Appellants argue the second and third errors jointly. They have to do with the evidence, which we have examined carefully as it appears from the transcript, and we are fully convinced that said evidence, when believed by the lower court, was sufficient to uphold the conviction of *749the defendants. It is not alleged that the trial judge was moved by bias, prejudice or partiality and, as no manifest error has been committed in the weighing of the evidence, the judgment cannot he reversed because of the second assignment of error. With respect to the allegation that the lower court erred in holding that the defendants had not proved the truthfulness of the libelous article, what the evidence of the defendants tended to prove was that prior to the publication of the article and the caricature which gave rise to these actions, the magazine Florete carried out an intensive campaign in favor of the insularization of all the hydroelectric plants in the Island and objected to the Legislature of Puerto Rico’s approval of a hill which tended, according to said newspaper, to benefit the Puerto Rico Railway Light & Power Co. and to work against the interests of the Water Power Authority of Puerto Rico. This campaign was carried on by Florete in the issues from April 2, 1938 to August 13 of the same year.

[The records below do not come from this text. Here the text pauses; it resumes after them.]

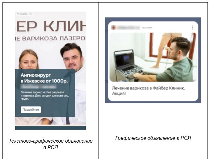 Благодаря объявлениям разных форм и размеров, клиника показывается на разных площадках РСЯ, и тем самым противодействуют большему количеству других.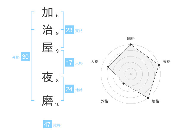 加治屋 夜磨さんを姓名の画数から五運を鑑定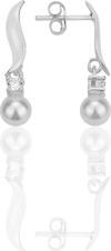 925 ayar Gümüş rodyumlu inci ve zirkon taşlı dalga küpe. Yukarıdan Aşağı Boyut:23 mm İnci Boyut:5,5 mm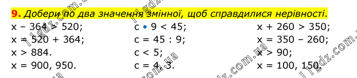 Добери по два значення змінної, щоб справдилися нерівності. х – 364 > 520; х = 520 + 364; х > 884. x = 900, 950. с • 9 < 45; c = 45 : 9; c < 5; c = 4, 3. х + 260 > 350; x = 350 – 260; x > 90; x = 100, 150.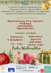 Η τοπική επιτροπή Νομού Κοζάνης καθηγητών γερμανικής γλώσσας, προσκαλεί του μαθητές Δημοτικών Σχολείων στην Χριστουγεννιάτικη Γιορτή που ετοιμάζει, την Παρασκευή 19 Δεκεμβρίου 2025 στο παιδικό τμήμα της Κοβενταρείου Βιβλιοθήκης. Η γιορτή θα περιλαμβάνει δραστηριότητες, τραγούδια, χειροτεχνίες παιχνίδια και κεράσματα, με πολλή όρεξη και άρωμα Χριστουγέννων από τις καθηγήτριες γερμανικών της πόλης μας.

Neither the articles published nor the parol evidence offered at the trial tend to prove even remotely the truthfulness of the charges made by the defendant Antonio Pacheco Padró in his article published in the August 20, 1938, issue, nor do they establish any motives which could justify Pacheco’s action.

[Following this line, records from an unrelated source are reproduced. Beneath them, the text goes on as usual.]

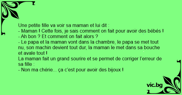- Maman ! Cette fois, je sais comment on fait pour avoir des bébés !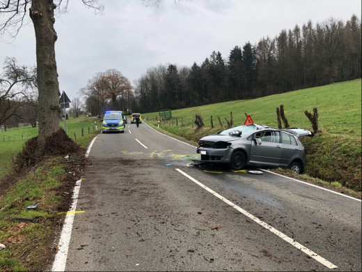 Um 11:45 Uhr fuhr die Wiehlerin auf der Zeithstraße aus Richtung Forst kommend in Fahrtrichtung Kaltenbach. Aus bislang ungeklärter Ursache kam sie auf gerader Fahrbahn zunächst rechts von der Fahrbahn ab, prallte gegen einen Baum, überschlug sich und landete schließlich links neben der Fahrbahn in einem Graben. Die 20-Jährige zog sich dabei leichte Verletzungen zu. Ein Rettungswagen brachte sie zur Untersuchung in ein Krankenhaus. An ihrem VW entstand Totalschaden. Das Fahrzeug musste abgeschleppt werden. (red.-07.02.2021 14:08)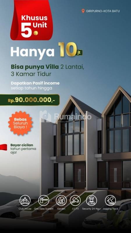 MODAL 10 JUTA saja anda bisa mendapatkan rumah villa asri dengan pemandangan terkeren di Kota Batu, sudah FREE SEMUA BIAYA. GAURI AKRATAMA menyajikan villa mewah nan elegan dengan konsep yang sangat kekinian. Berada di lingkungan yang asri dan sejuk dengan pemandangan 360 derajat pegunungan di kota batu. GAURI AKRATAMA juga menyediakan FREE training sewa kelola dengan passive income tinggi tiap bulannya.

Contrary to what appellants maintain, no limitation on the constitutional right of freedom of the press is involved in these cases. The campaign which the magazine Florete carried out during several months shows that as long as proper use was made of this right, nobody was accused. What the Constitution of the United States and the Organic Act of Puerto Rico guarantee is the proper use, and not the abuse of this right. The constitutional rights of private-individuals are as sacred as the freedom of the press and the fact that the complainant in this case was a legislator does not deprive him of his right not to be maliciously defamed. Journalists enjoy the privilege granted to them by Section 249 of the Penal Code, but if they overstep said *750privilege, they cannot seek protection under the broader privilege of freedom of the press. The press can and must be free without resorting to malice, scandal or defamation, and the constitutional guarantee aforementioned does not constitute a defense when libel is committed.

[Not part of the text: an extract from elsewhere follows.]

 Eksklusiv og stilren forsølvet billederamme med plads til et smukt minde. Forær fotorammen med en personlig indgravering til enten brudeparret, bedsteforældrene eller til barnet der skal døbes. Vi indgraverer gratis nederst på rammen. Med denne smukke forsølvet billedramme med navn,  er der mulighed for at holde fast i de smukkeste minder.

In 1904 in the case of Ex Parte Bird, 5 P.R.R. (Second edition) 241, 246, this Court, while discussing the freedom of speech and of the press guaranteed by the First Amendment to the Constitution of the United States, expressed itself, through Mr. Justice MacLeary, as follows:
“It is confidently believed that no one, under these provisions of the Constitution, even if it should be held to be in force on this Island, could claim that he was thereby licensed to print any and everything which he might choose to publish in regard to persons or officers, or judges or courts in their public or private relations.
“In other words, it is. the liberty of the press, a/nd not unbounded license, that is intended to be protected by this provision of the Con-stition ” (Italics supplied.)
No other doctrine could prevail.
As the errors assigned have not been committed, the judg • ments appealed from must be affirmed.